Work to be completed: An exact transcription of the listing, without its images, is what the answer must contain.

Supplied material:
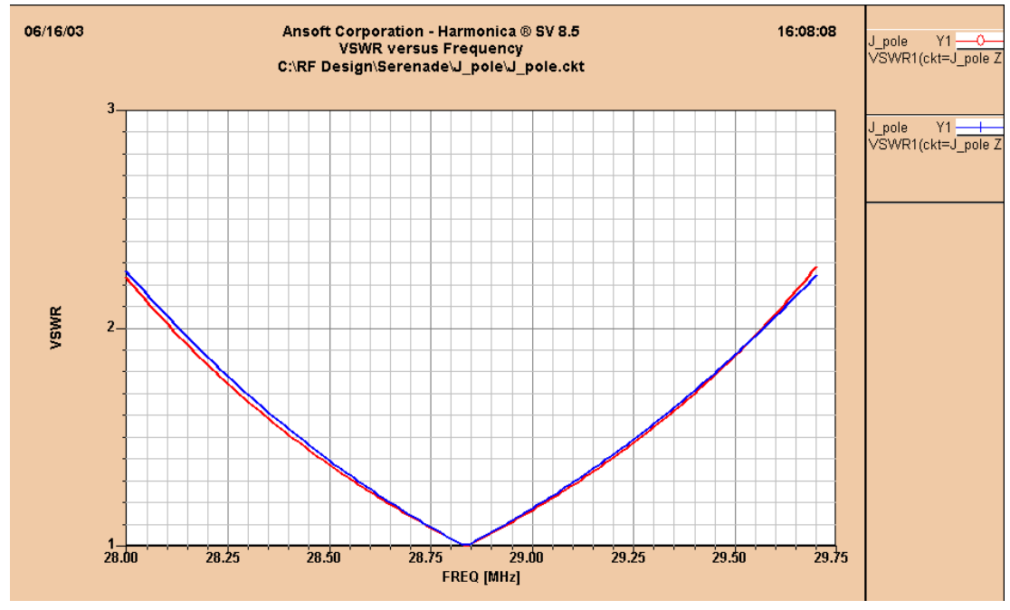
Figure 3. VSWR of 10-meter J-pole with matching section set for 50 ohms.
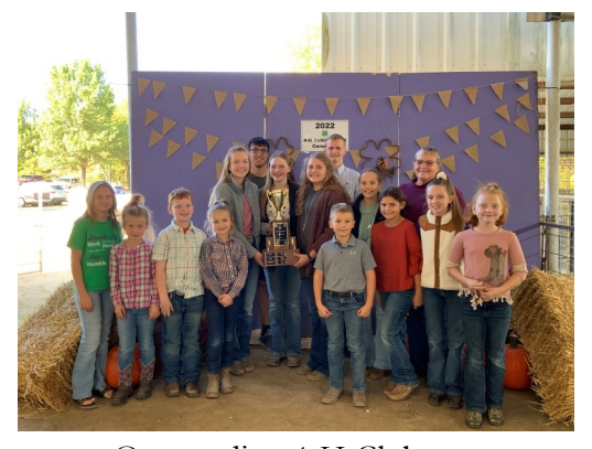
Outstanding 4-H Club
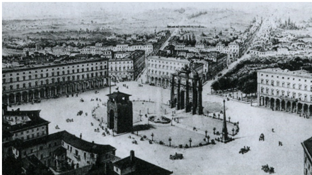
Figure 2 – Project for Piazza della Libertá, Florence.

proper structure for planning controls and peripheral offices of the Ministry itself were able to provide reasonable support to the implementation of the Town Planning Act of 1942. Also, Planning education had started, with postgraduate courses not too dissimilar to planning courses in the economically most advanced countries in Europe. The recognition of INU could be the first step for establishing a planning profession in the same way as the British Town Planning Institute. Planning experience in Italy was not negligible. From 1865, with the Town Plan for Florence (Figure 2), up to the most recent "Piano Regolatore" for Milan and for Rome in 1928 and 1932, there existed a solid base for a more generalised approach. Also the new towns, created by the Fascist Regime (Figure 3), were important pioneering experiences at that time, even though their impact was vitiated by their reactionary ideological content.

Problem solution:
Figure 3. VSWR of 10-meter J-pole with matching section set for 50 ohms.
Outstanding 4-H Club
Figure 2 – Project for Piazza della Libertá, Florence.

proper structure for planning controls and peripheral offices of the Ministry itself were able to provide reasonable support to the implementation of the Town Planning Act of 1942. Also, Planning education had started, with postgraduate courses not too dissimilar to planning courses in the economically most advanced countries in Europe. The recognition of INU could be the first step for establishing a planning profession in the same way as the British Town Planning Institute. Planning experience in Italy was not negligible. From 1865, with the Town Plan for Florence (Figure 2), up to the most recent "Piano Regolatore" for Milan and for Rome in 1928 and 1932, there existed a solid base for a more generalised approach. Also the new towns, created by the Fascist Regime (Figure 3), were important pioneering experiences at that time, even though their impact was vitiated by their reactionary ideological content.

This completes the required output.